The investigators focused on matrices in W = {W_q, W_k, W_v, W_o, U_in, U_out}, which consist of matrices in MLP and attention layers. The number of layers represents the layer in which the investigator intervened (the first layer was indexed from 0). For example, Llama-2 has 32 layers, so l ∈ {0, 1, 2,・31}.
Finally, ρ ∈ [0, 1) describes which part of the largest rank should be kept when doing a low-rank approximation. For example, set
, the matrix has a maximum rank of d. The researchers replaced it with a ⌊ρ・d⌋-approximation.
Figure 1 below is an example of a LASER, where τ = U_in and l = L represent the weight matrix of the first layer of MLP to be updated in the Transformer block of the L^th layer. The other parameter controls the k in the rank-k approximation.
LASER can limit the flow of certain information in a network and unexpectedly produce significant performance benefits. These interventions can also be easily combined, such as applying a set of interventions in any order
。
The LASER method is simply a simple search for such interventions and modified to maximize benefits.

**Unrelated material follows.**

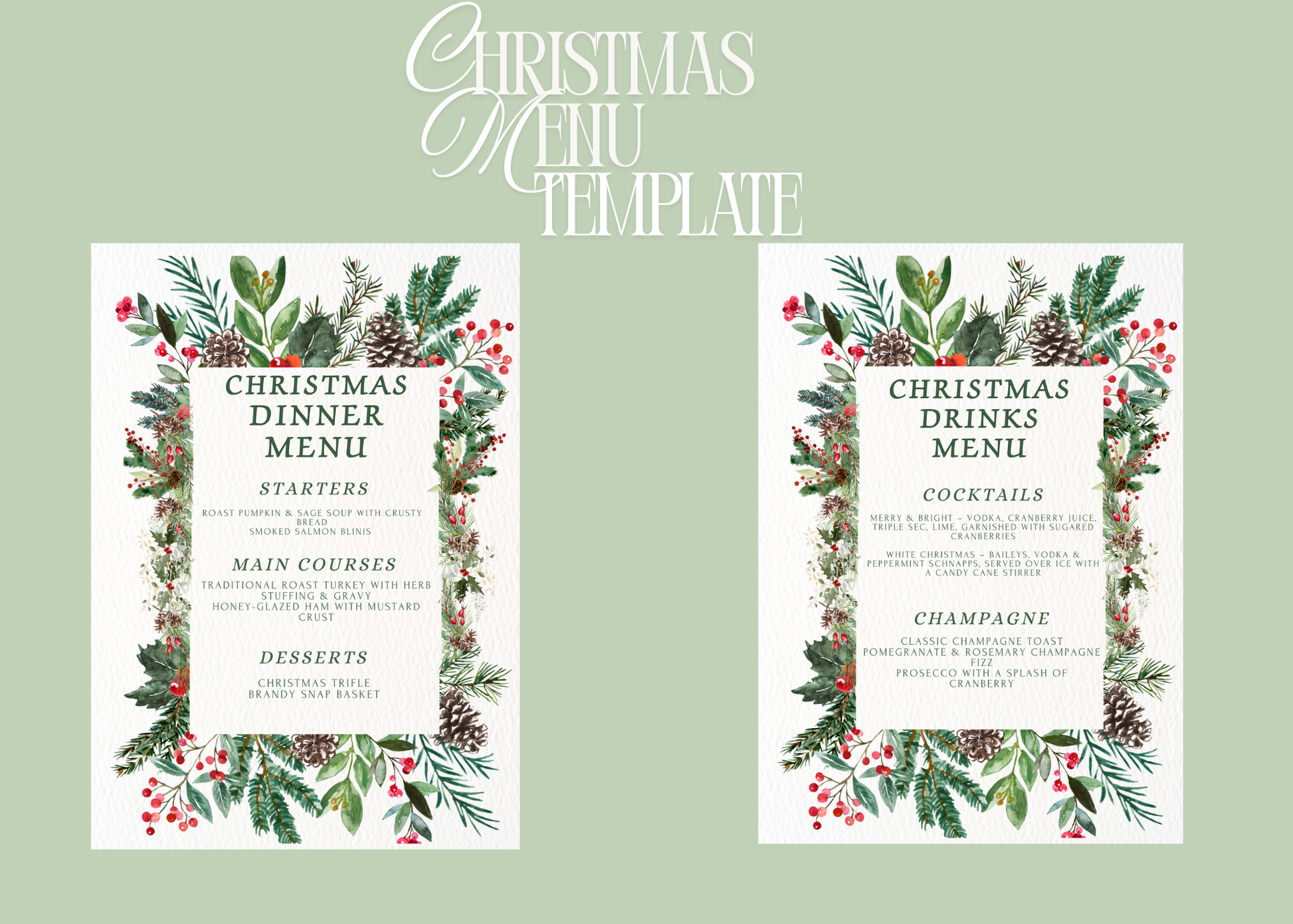 ✨ Create a beautiful Christmas table your guests will remember — download and customize your festive menus today!

However, there are many other ways to combine these interventions, which is the direction of future work by researchers.
Experimental results
In the experimental part, the researchers used a GPT-J model pre-trained on the PILE dataset, which has 27 layers and 6 billion parameters. The model's behavior is then evaluated on the CounterFact dataset, which contains samples of triples (topics, relationships, and answers) with three paraphrased prompts for each question.

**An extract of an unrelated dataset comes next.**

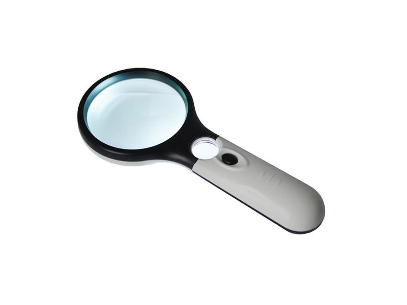 Składa się z dwóch soczewek: głównej i dodatkowej, o powiększeniu 2,5x i 45x. Dodatkowa soczewka znajduje się przy rączce. Jest to bardzo przydatne przy czytaniu tekstów oraz badaniu drobnych detali przedmiotów. Wbudowane oświetlenie LED zapewnia równomierne oświetlenie obserwowanego obiektu światłem o barwie przyjemnej dla oka. Zasilanie zapewniają trzy baterie AAA (nie są dołączone). Do włączania i wyłączania oświetlenia służy przycisk na rączce. Parametry produktu: 2 stopnie powiększenia 2,5x / 45x

The first is the analysis of the GPT-J model on the CounterFact dataset. Figure 2 below illustrates the effect of applying a different number of downgrades to each matrix in a Transformer architecture on the dataset classification loss. Each of these Transformer layers consists of a small two-layer MLP, with separate input and output matrices. Different colors indicate different percentages of removed components.
In terms of improving the accuracy and robustness of paraphrasing, as shown in Figure 2 above and Table 1 below, the researchers found that the factual accuracy of the GPT-J model on the CounterFact dataset increased from 13.1% to 24.0% when downgrading on a single layer. It's important to note that these improvements are only the result of downgrading and do not involve any further training or fine-tuning of the model.

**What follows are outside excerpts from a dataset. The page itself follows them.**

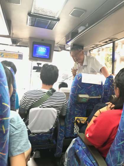 バスの中で解団式をおこなっています。今回の修学旅行で学んだことを、家の人に、京都大原学院のみんなに、ぜひ、たくさん話してあげて下さい。そして今日は疲れているでしょうから、ゆっくりと休んで下さい。9年生お疲れ様でした。
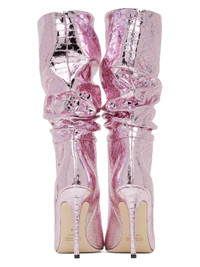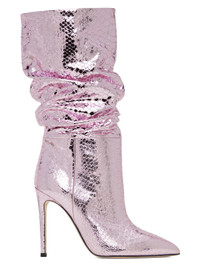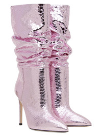 Ankle-high snake-embossed leather boots in metallic pink. Gathering throughout. · Pointed toe · Grained leather lining · Covered stiletto heel with rubber injection · Leather sole · Heel: H4 in Supplier color: Pink Leather. Made in Italy 232616F114003
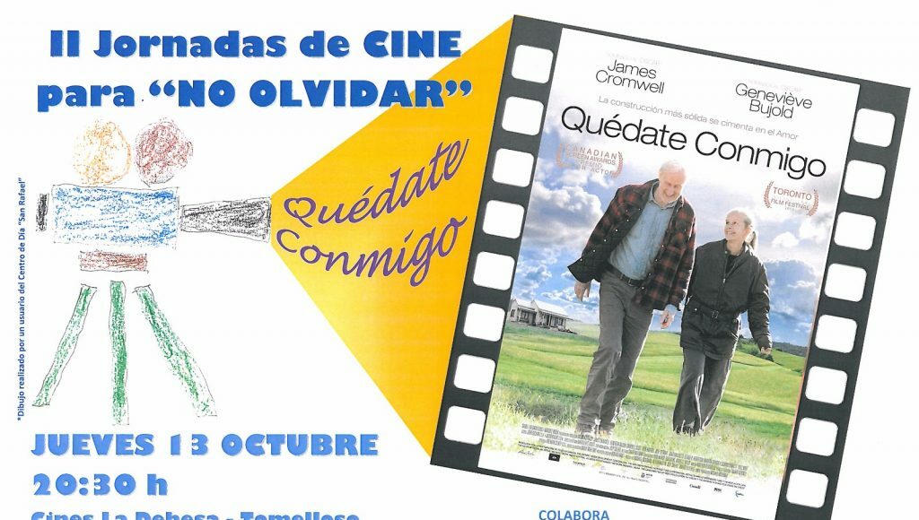 Con la proyección de la película “Quédate conmigo” en los Cines la Dehesa el próximo jueves 13 de octubre a las 20:30, la Asociación de Alzheimer de Tomelloso (AFAL) quiere dar continuidad a las “Jornadas de Cine para no Olvidar” que iniciamos en 2014. En dichas jornadas quieren dar visibilidad y normalidad a la enfermedad a través del cine, aprovechando que son numerosos los directores que en los últimos años se han hecho eco en sus películas de la enfermedad de Alzheimer, ya sea como temática principal o como historia de fondo.

The researchers found that the facts recovered by the reduced rank are most likely to appear very rarely in the data, as shown in Figure 3 below.
What are the higher-order components stored? Researchers use higher-order components to approximate the final weight matrix (unlike LASER, which uses lower-order components to approximate), as shown in Figure 5(a) below. When using a different number of higher-order components to approximate the matrix, they measured the mean cosine similarity of the true answer relative to the predicted answer, as shown in Figure 5(b) below.
Finally, the researchers evaluated the generality of their findings on multiple language comprehension tasks for three different LLMs. For each task, they evaluated the model's performance by generating three metrics: accuracy, classification accuracy, and loss. As shown in Table 1 above, even a large downgrade does not result in a decrease in model accuracy, but can improve model performance.